Это не страх. Не привычный, обжитый страх нормальной человеческой особи, обитающей между холодным безразличием космоса сверху и червями безжалостного подсознания и собственного скотства снизу... Другое. Это мягкая ласковая жуть, это присутствие того, что не может присутствовать. Со вчерашнего дня реальность выцветает. Да, выцветает. Как цветная фотография. И что-то неуловимо смещается, что-то редактирует мою реальность, превращая бывший фотоотпечаток в смазанные мазки мастера... картина большого мастера существует вокруг того, чего на холсте нет, но всеми ощущается. Это страшно, как идти по ночной подземной автостоянке, безлюдной и мутно-люминесцентной. И у каждой машины, к которой подходишь, заводится мотор. А по мере твоего удаления – глохнет... И ты оглядываешься...
У Беллы левая рука сжата в кулак – получилась морда того белого кота, что каждое утро спрыгивает с капота моей машины. У него один глаз голубой, а другой карий. А у Беллы сегодня одно кольцо с бирюзой, а другое с янтарем. Это не случайность – слишком уж нарочитая безвкусица...
Белла
– Нет лучшей грунтовки для кровавых изображений, чем меловой камень Иерусалима,– тихо сообщил сам себе Гриша.
Я тоже хотела что-нибудь сказать, но не получилось.

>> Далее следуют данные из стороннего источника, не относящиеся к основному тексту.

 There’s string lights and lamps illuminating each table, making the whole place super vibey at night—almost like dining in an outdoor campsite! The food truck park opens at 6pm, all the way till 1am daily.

– Линь,– заржал Кинолог,– ты красненькое по ассоциации с брачной простыней использовал?!
Этакая демонстративная фамильярность – мол, хоть ты сейчас и финансовый магнат, но не забывай кто тебе в детстве ряжку чистил. И я, и Линь – мы почти одновременно отвели взгляды, что было уже смешно, но он, кажется, первым, что было еще смешнее. Кинолог, это надоевшее всем, и самому себе, ролевое существо – страдающий циник в маске беззаботного циника, который двадцать лет носит, как ошейник, свою потертую кличку, полученную еще в школе за постоянный рефрен: "Все бабы – суки" и повышенный интерес к ним же. Уплостился до полной предсказуемости... Не он один...

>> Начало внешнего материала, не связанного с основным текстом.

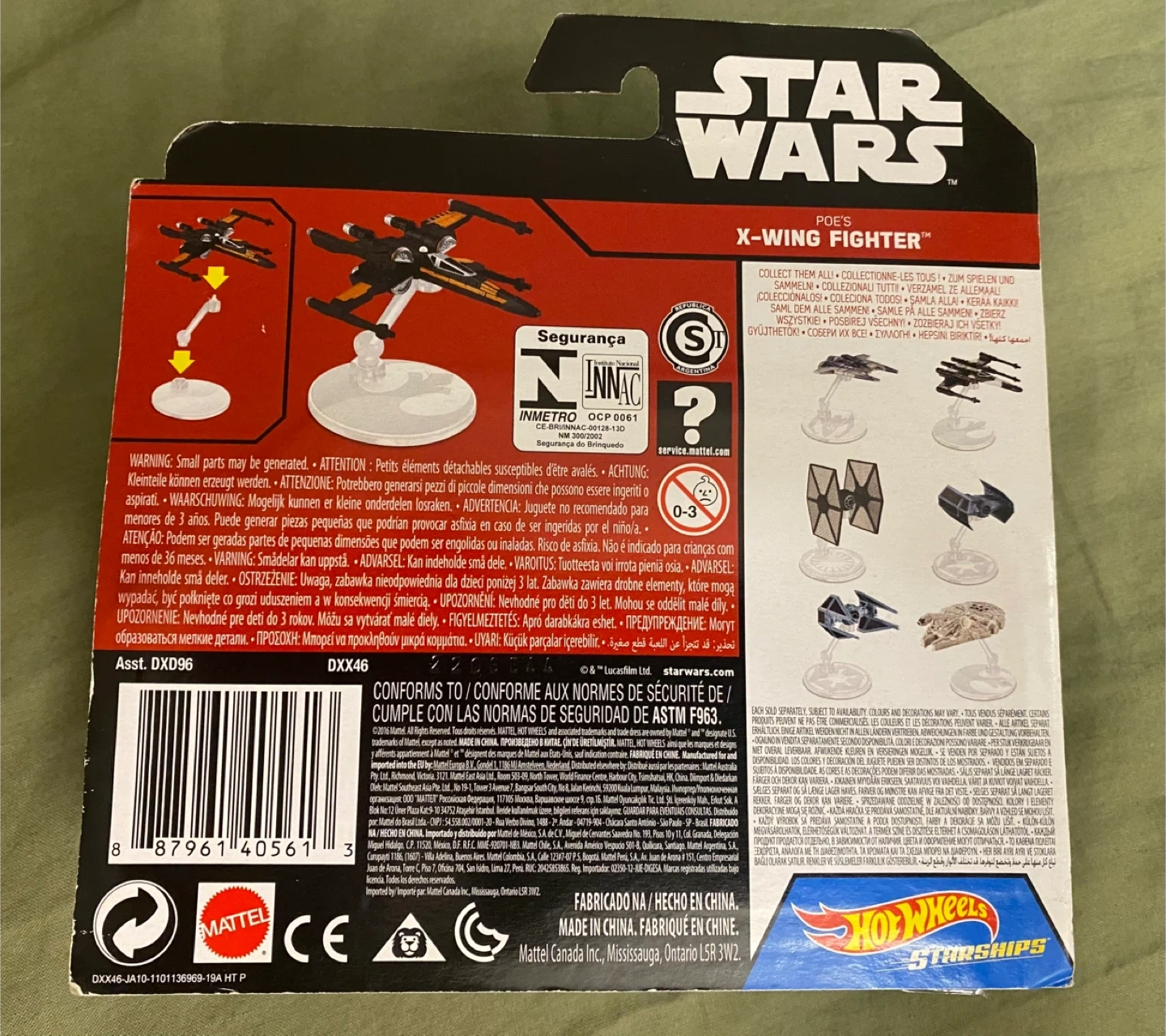 Hot Wheels Starships model of Poe's X-Wing Fighter from Star Wars. It includes a display stand.

– Первый дом, первая ночь, а?! Пусть соседи видят, да, Линь?! – не унимался Кинолог.
Майский хамсин оплавлял и чувство юмора, и чувство стиля, да и реакции становились вялыми и необязательными. Веселились только сам Кинолог и Фортуна моя, убогая и прибабахнутая...
А всего полгода назад, в середине ноября, было тепло, тихо, но сосущая неизбежность зимних дождей отбивала желание планировать, поэтому жизнь была как бы слегка встревоженная, а скорее – спугнутая. Улицу, к выходу моему с чужой временной службы, наполняли растянутые тени, качающиеся перед затекшими ногами и зачеркивающие след. К вечеру становилось уже почти холодно, иногда запоздалая стая ворон покидала темнеющее лицо Иерусалима, чтобы вернуться на рассвете, отразбойничав и отклевав свое.

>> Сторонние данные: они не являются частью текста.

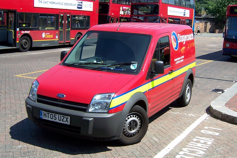 Details: With the news that Stagecoach is selling its London bus operations breaking in 2006 it is timely to show another view of fully-liveried Ford Transit Connect Van 95089 (HT05UZX) at Lewisham Bus Station on 18th July. The numbering system used is applied nationally to all Stagecoach service vehicles so will presumably change under new ownership. The name and logo may be retained for a while but presumably will also eventually change. Indeed many buses had their Stagecoach names removed within days of the announcement. |

Но днем, как, наверное, хорошо было днем, состоящим из совпадений желтеющих деревьев с теми кленами, которые желтели в аллеях моей умершей родины. Но не было у меня дня, потому что необходимость работы железными вставными зубами вгрызалась каждый день в спелую мякоть солнечного ломтя, оставляя мне лишь темную корку вечера. Но и этого было достаточно, вполне достаточно. Как же этого было порой достаточно! Как последней капли красного терпкого – лучшего из дешевых сортов – сухого вина в мою зимнюю субдепрессию без собаки, без камина, без надежды.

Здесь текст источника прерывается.